Not everyone, however, has the knowledge to avoid deals that are too good to be true. According to a recent report from Bloomberg, a school board in Reading, Pa., entered into a transaction with Deutsche Bank (NYSE:DB) that involved a type of derivative transaction called an interest-rate swap. Apparently, financial advisors to the Reading school board claimed that the transaction could earn the district $16 million over the next 30 years. Faced with cuts in state funding and in need of money for education costs, the school board jumped at the prospect of this supposedly free money.
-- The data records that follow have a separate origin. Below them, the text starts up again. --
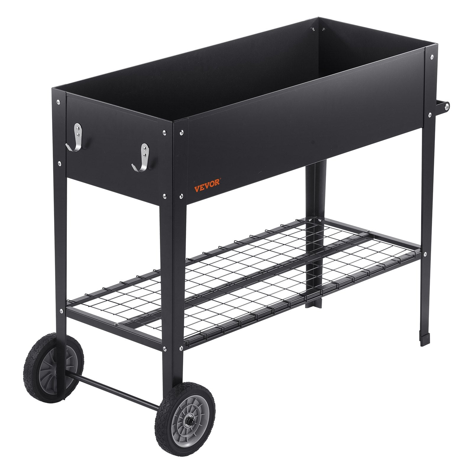 Hochbeet, 108 x 50 x 80 cm (42,5 x 19,5 x 31,5 Zoll), verzinkter Metall-Pflanzkasten, erhöhter Pflanzkasten mit Füßen, für den Anbau von Blumen, Gemüse und Kräutern im Garten, auf der Terrasse oder dem Balkon, schwarz
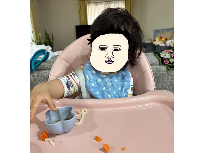 それでもできるだけ「ちゃんと食べようね」と言うように気をつけてはいました。でも先日、あまりにもイライラして、机を「バンッ!」とたたき「なんでそういうことするの!」と怒ってしまったんです。そしたら娘は私の顔を見て「うわーん!」て泣いちゃって。こんなふうに大人の都合で怒ったらダメなんだろうなと反省しました。とはいえ、やっぱり心の余裕や時間がない中で離乳食をあげているときには、娘がちっとも食べなかったり、食べ物を床に投げたりすると、めっちゃストレスがたまります。
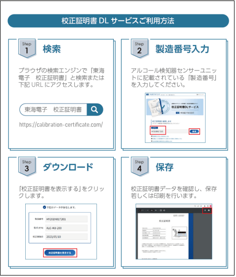 これより本webサービスサイト『校正証明書 DLサービス』でご提供させていただきますのは、お客様にて校正証明書がご入用となった場合、webサイトへアクセスいただき、アルコール検知器の製造番号を入力いただくことで、直ちに校正証明書の電子データをダウンロード・印刷することが可能になります。電話・メールによる当社への校正証明書発行のご依頼は不要になります。また、従来は校正証明書がお手元に届くまで数日を要しておりましたが、本サービスサイトではその場でお客様にて発行いただくことにより、直ちに入手することが可能となりました。
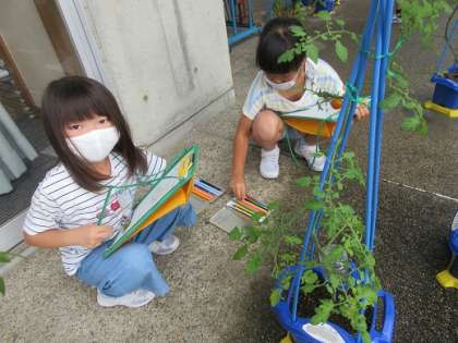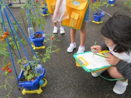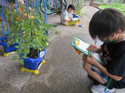 梅雨の時期は雨が続いていたため、なかなか外にミニトマトの観察に行くことができませんでした。しかし、今日は晴れまでとはいかないですが、久しぶりに雨が上がったため外に観察に行くことができました。
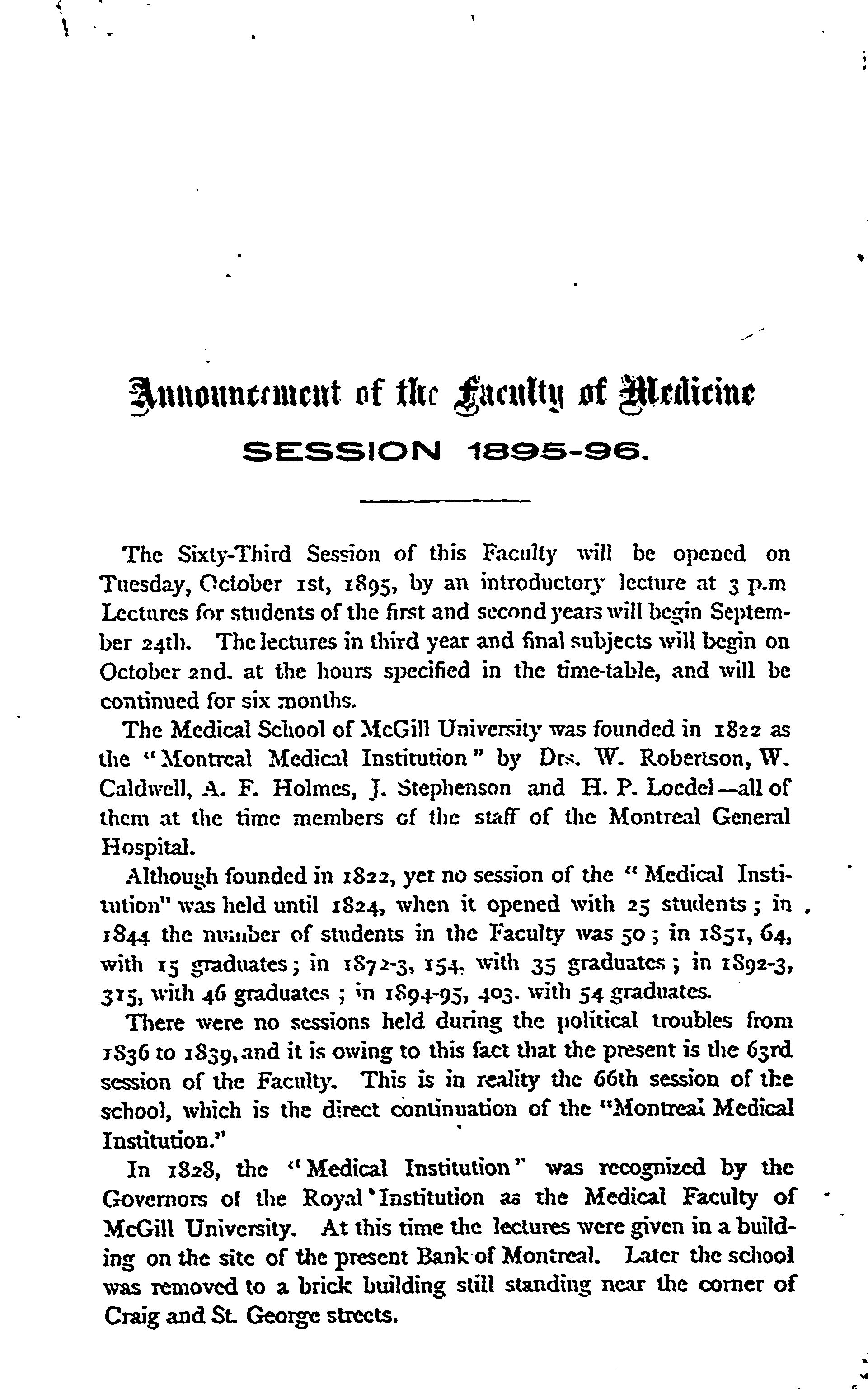Calendar of the Faculty of Medicine, McGill University : Sixty-Third session (1895/1896)

Now, however, things haven't worked out the way the board's advisors suggested they would, and so instead of getting an initial installment on that $16 million, the school board currently owes Deutsche Bank about $230,000.

Betting on rates
The reason the Reading school board finds itself owing money on this ill-advised transaction is that interest rates haven't behaved the way the board and its advisors had hoped. With this particular type of interest-rate swap, known as a yield-curve swap, two parties agree to pay each other a certain amount based on the behavior of interest rates on fixed-income securities with specific maturities. In the Reading transaction, the school board agreed to pay an amount based on a short-term interest rate, while Deutsche Bank agreed to pay an amount based on a rate calculated using securities that mature in five years. Depending on which rate happens to be higher, one party will have to pay the difference between the two payment amounts to the other party.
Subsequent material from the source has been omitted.